Cyclic Glycine-Proline (cGP) is an endogenous cyclic dipeptide derived from the N-terminal cleavage of insulin-like growth factor 1 (IGF-1) that regulates IGF-1 bioavailability by modulating its binding to IGF-binding protein 3 (IGFBP-3), with neuroprotective and vascular-protective properties.

Overview

Cyclic Glycine-Proline (cGP, also known as cyclo(Gly-Pro) or glycyl-L-proline diketopiperazine) is a naturally occurring diketopiperazine formed by cyclization of the N-terminal Gly-Pro-Glu tripeptide cleaved from insulin-like growth factor 1 (IGF-1). This autocrine/paracrine peptide was identified through research led by Professor Jian Guan at the University of Auckland, who demonstrated that cGP plays a critical role in regulating the bioactivity of IGF-1, a growth factor essential for neuronal survival, synaptic plasticity, myelination, and vascular homeostasis.
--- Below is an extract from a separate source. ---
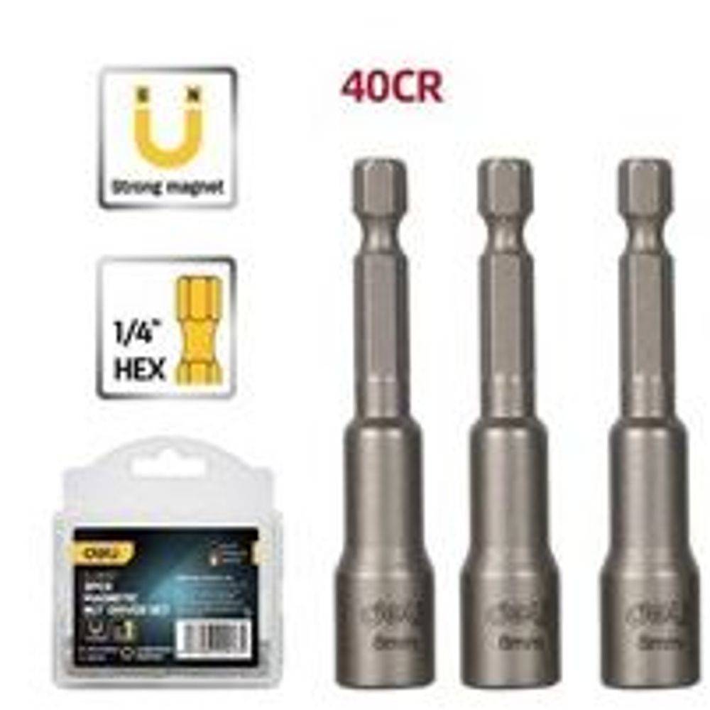 Набор оснастки DELI Набор магнитных бит с торцевой головкой 3шт DL4808T 8мм, длина 65мм, сталь 40Cr, пласт. кейс

The primary mechanism of cGP involves competitive modulation of the binding interaction between IGF-1 and IGF-binding protein 3 (IGFBP-3), the major carrier protein that sequesters approximately 80% of circulating IGF-1 in a ternary complex. By displacing IGF-1 from IGFBP-3, cGP increases the concentration of free (bioavailable) IGF-1 available to activate the IGF-1 receptor. This normalizing function is particularly significant because it operates as a homeostatic buffer—increasing free IGF-1 when levels are low (as in aging or neurodegeneration) while not causing excessive IGF-1 signaling when total IGF-1 is adequate. This distinguishes cGP from direct IGF-1 administration, which carries risks of hypoglycemia and potential tumor promotion.
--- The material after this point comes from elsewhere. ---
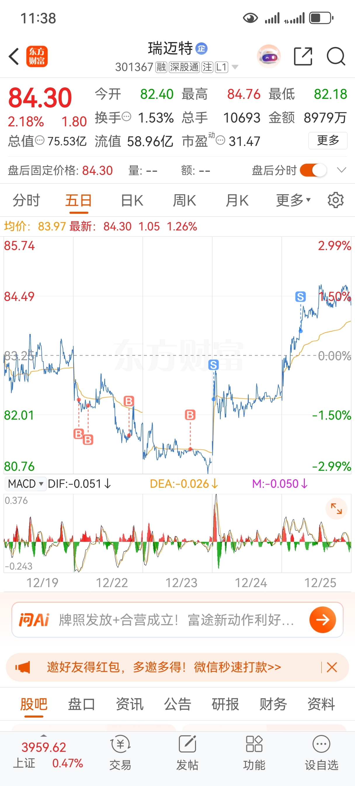 $瑞迈特(SZ301367)$ 主升浪开始,99见

Preclinical research has demonstrated neuroprotective effects of cGP in models of hypoxic-ischemic brain injury, stroke, Parkinson's disease, and age-related cognitive decline. The peptide crosses the blood-brain barrier, is resistant to enzymatic degradation due to its cyclic structure, and has shown oral bioavailability. Notably, cGP is present in common foods, with particularly high concentrations found in blackcurrants and dairy products such as milk and cheese. Human observational studies have found that plasma cGP/IGF-1 ratios correlate with cognitive function in aging populations and with recovery outcomes after stroke, supporting its role as both a biomarker and potential therapeutic agent for conditions involving impaired IGF-1 signaling.

Mechanism of Action

Endogenous Cyclic Dipeptide — IGF-1 Bioavailability Modulator

Cyclic glycine-proline (cGP, cyclo(Gly-Pro)) is an endogenous diketopiperazine — a cyclic dipeptide formed by the spontaneous cyclization of the N-terminal glycine-proline-glutamate (GPE) tripeptide that is cleaved from insulin-like growth factor 1 (IGF-1) by an acid-labile subunit-mediated process. cGP modulates IGF-1 bioavailability by competing with IGF-1 for binding to insulin-like growth factor binding protein 3 (IGFBP-3), the predominant circulating IGF-1 carrier that sequesters ~75-80% of total IGF-1 in a ternary complex with the acid-labile subunit (ALS). By displacing IGF-1 from IGFBP-3, cGP increases the concentration of free (unbound) IGF-1 available to activate the IGF-1 receptor (IGF-1R) (PMID: 30149045).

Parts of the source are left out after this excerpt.